### Prompt
Go to the line with "钟齐宝 1965年生。高级工" in the entries below and write out every line from there through the line with "Selamat kepada user", exactly and without pictures.

### Data to examine
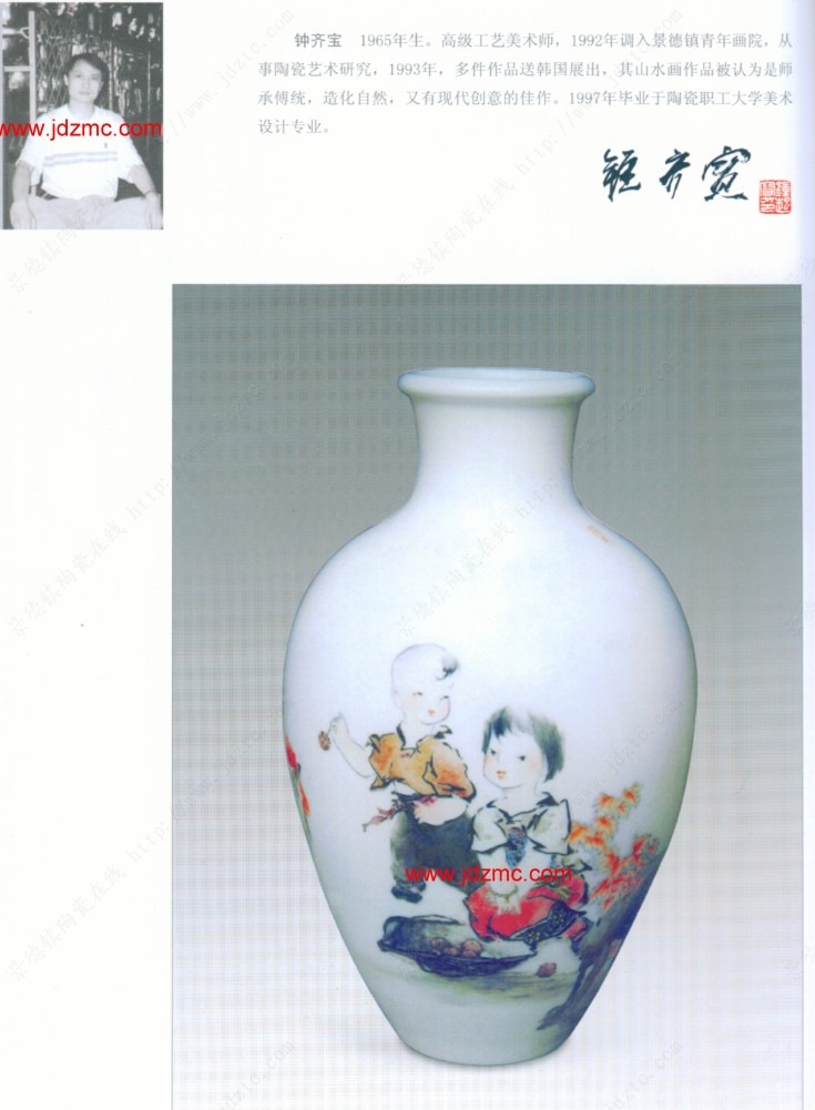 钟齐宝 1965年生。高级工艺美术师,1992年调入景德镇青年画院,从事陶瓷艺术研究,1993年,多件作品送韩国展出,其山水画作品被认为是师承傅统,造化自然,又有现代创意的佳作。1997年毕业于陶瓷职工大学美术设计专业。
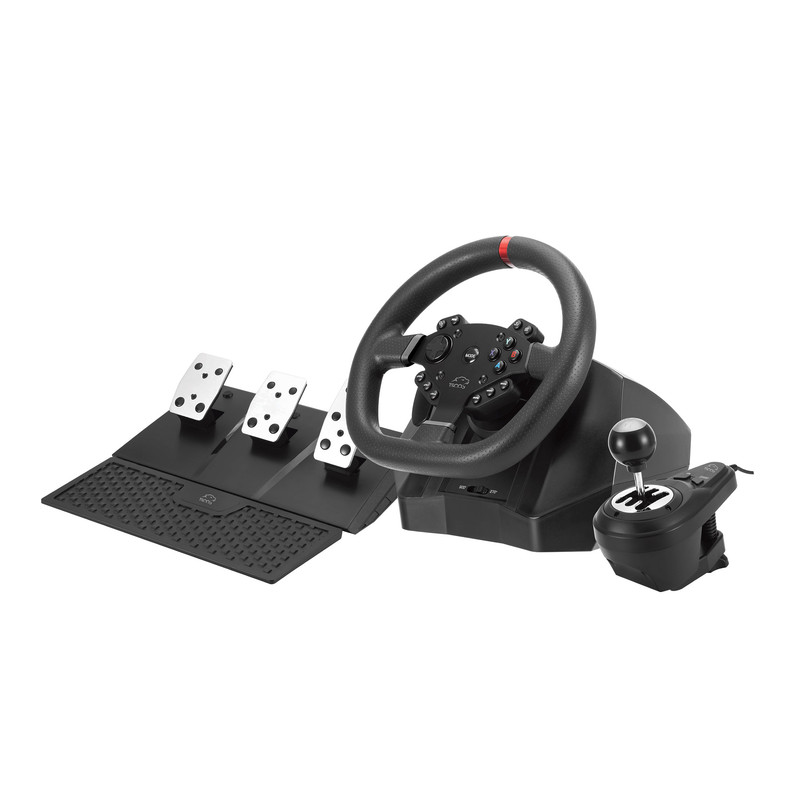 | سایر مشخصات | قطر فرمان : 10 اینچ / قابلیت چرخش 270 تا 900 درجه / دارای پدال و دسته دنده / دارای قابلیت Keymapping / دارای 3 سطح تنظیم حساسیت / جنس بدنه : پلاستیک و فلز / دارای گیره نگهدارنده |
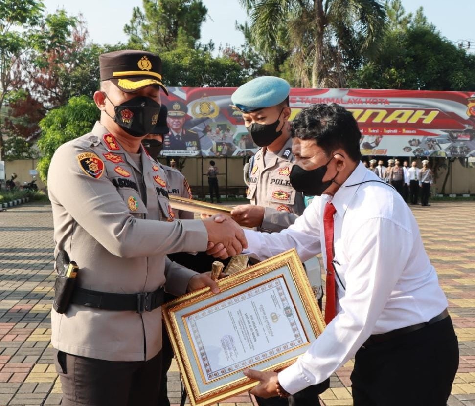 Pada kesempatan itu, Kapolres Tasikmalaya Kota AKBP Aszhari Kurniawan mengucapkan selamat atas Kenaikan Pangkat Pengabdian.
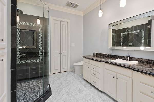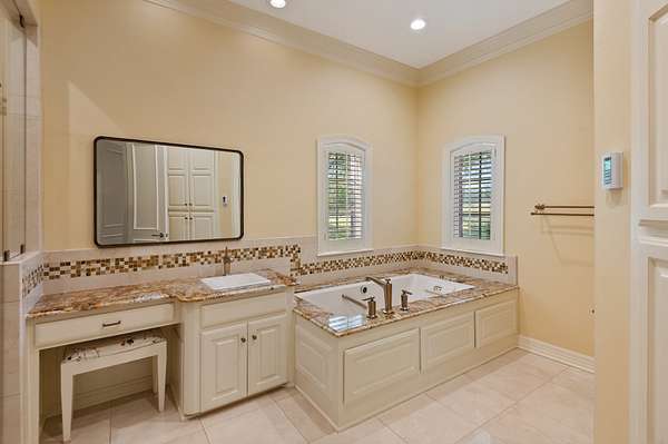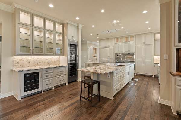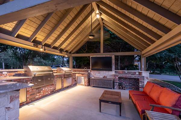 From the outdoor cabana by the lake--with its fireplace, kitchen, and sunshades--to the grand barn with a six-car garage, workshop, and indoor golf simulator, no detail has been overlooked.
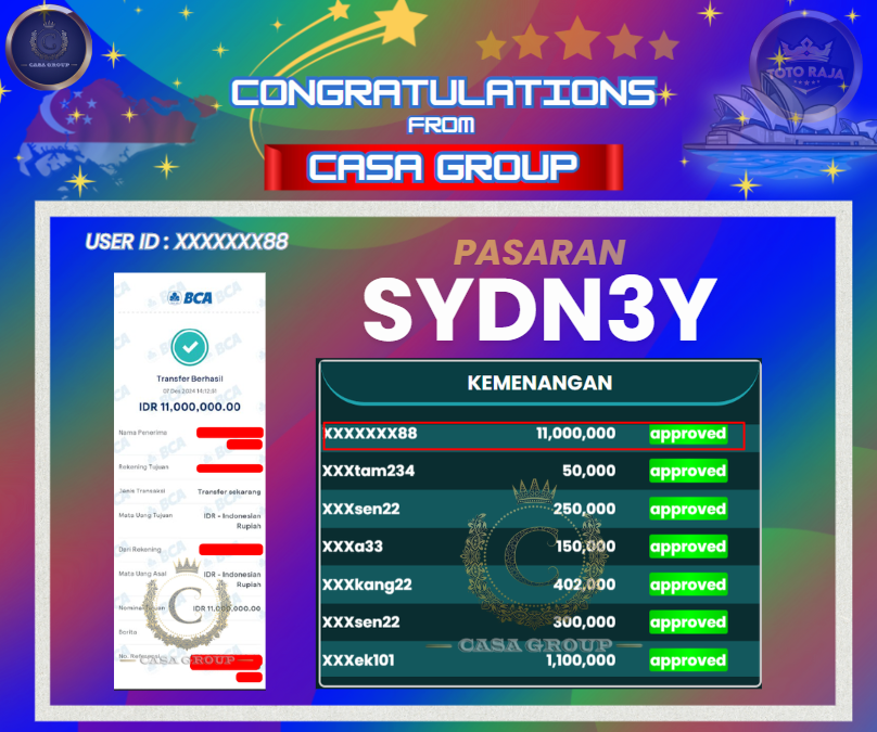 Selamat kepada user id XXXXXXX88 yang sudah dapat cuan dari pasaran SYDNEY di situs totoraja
...
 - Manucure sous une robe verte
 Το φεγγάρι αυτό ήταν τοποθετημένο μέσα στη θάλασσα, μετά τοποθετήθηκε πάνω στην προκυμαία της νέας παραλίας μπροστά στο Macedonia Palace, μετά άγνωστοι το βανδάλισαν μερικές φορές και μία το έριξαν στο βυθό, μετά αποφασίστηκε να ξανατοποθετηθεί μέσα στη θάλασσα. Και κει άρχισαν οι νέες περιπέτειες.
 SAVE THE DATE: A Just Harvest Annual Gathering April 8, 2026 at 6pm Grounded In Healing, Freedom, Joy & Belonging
--
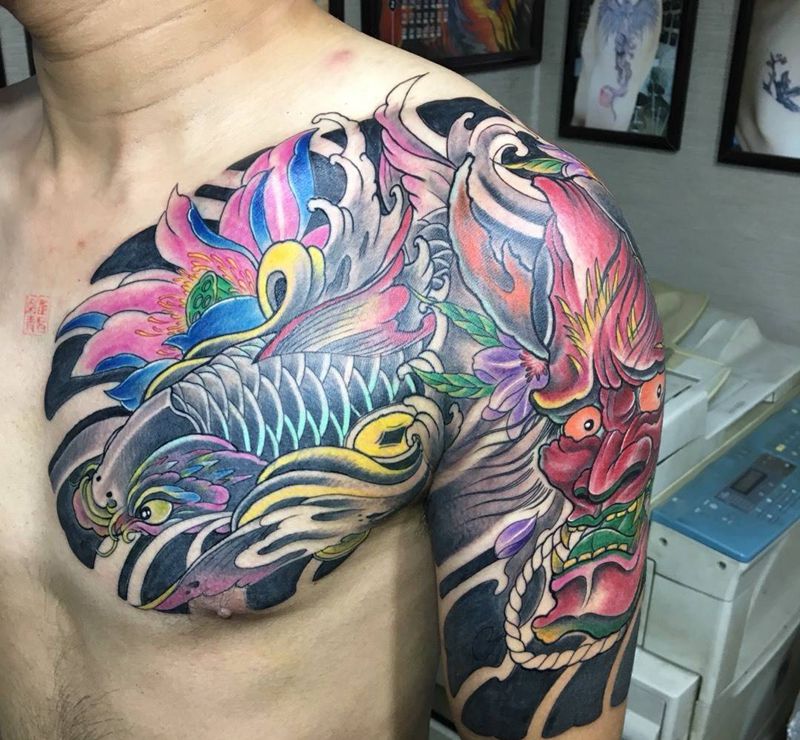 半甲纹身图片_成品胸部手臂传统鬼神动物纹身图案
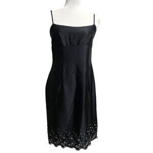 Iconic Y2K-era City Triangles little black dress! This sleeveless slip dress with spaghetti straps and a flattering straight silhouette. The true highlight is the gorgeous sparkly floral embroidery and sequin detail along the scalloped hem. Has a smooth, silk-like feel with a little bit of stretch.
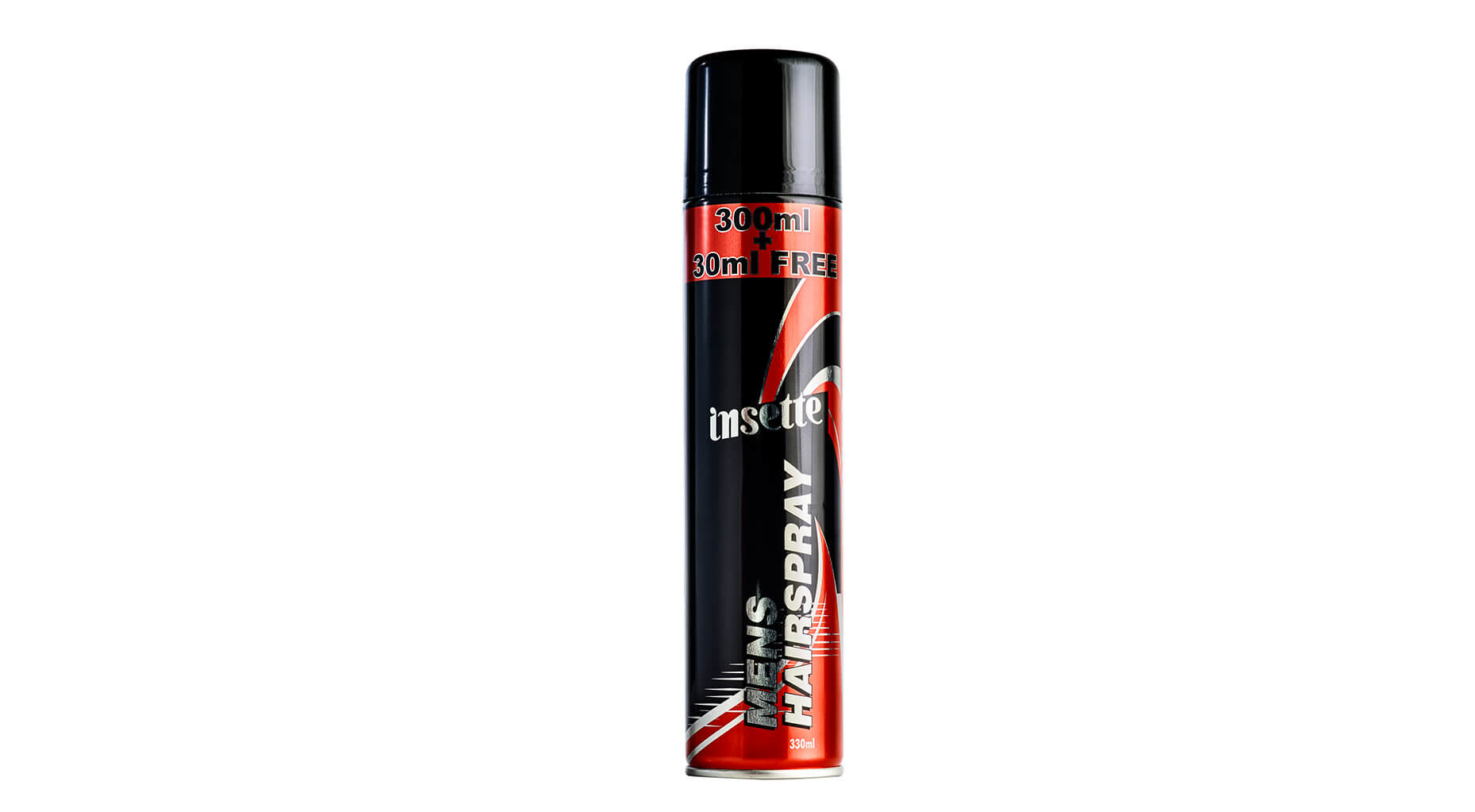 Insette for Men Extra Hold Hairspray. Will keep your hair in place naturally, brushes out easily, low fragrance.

### Reply to the task
 钟齐宝 1965年生。高级工艺美术师,1992年调入景德镇青年画院,从事陶瓷艺术研究,1993年,多件作品送韩国展出,其山水画作品被认为是师承傅统,造化自然,又有现代创意的佳作。1997年毕业于陶瓷职工大学美术设计专业。
 | سایر مشخصات | قطر فرمان : 10 اینچ / قابلیت چرخش 270 تا 900 درجه / دارای پدال و دسته دنده / دارای قابلیت Keymapping / دارای 3 سطح تنظیم حساسیت / جنس بدنه : پلاستیک و فلز / دارای گیره نگهدارنده |
 Pada kesempatan itu, Kapolres Tasikmalaya Kota AKBP Aszhari Kurniawan mengucapkan selamat atas Kenaikan Pangkat Pengabdian.
 From the outdoor cabana by the lake--with its fireplace, kitchen, and sunshades--to the grand barn with a six-car garage, workshop, and indoor golf simulator, no detail has been overlooked.
 Selamat kepada user id XXXXXXX88 yang sudah dapat cuan dari pasaran SYDNEY di situs totoraja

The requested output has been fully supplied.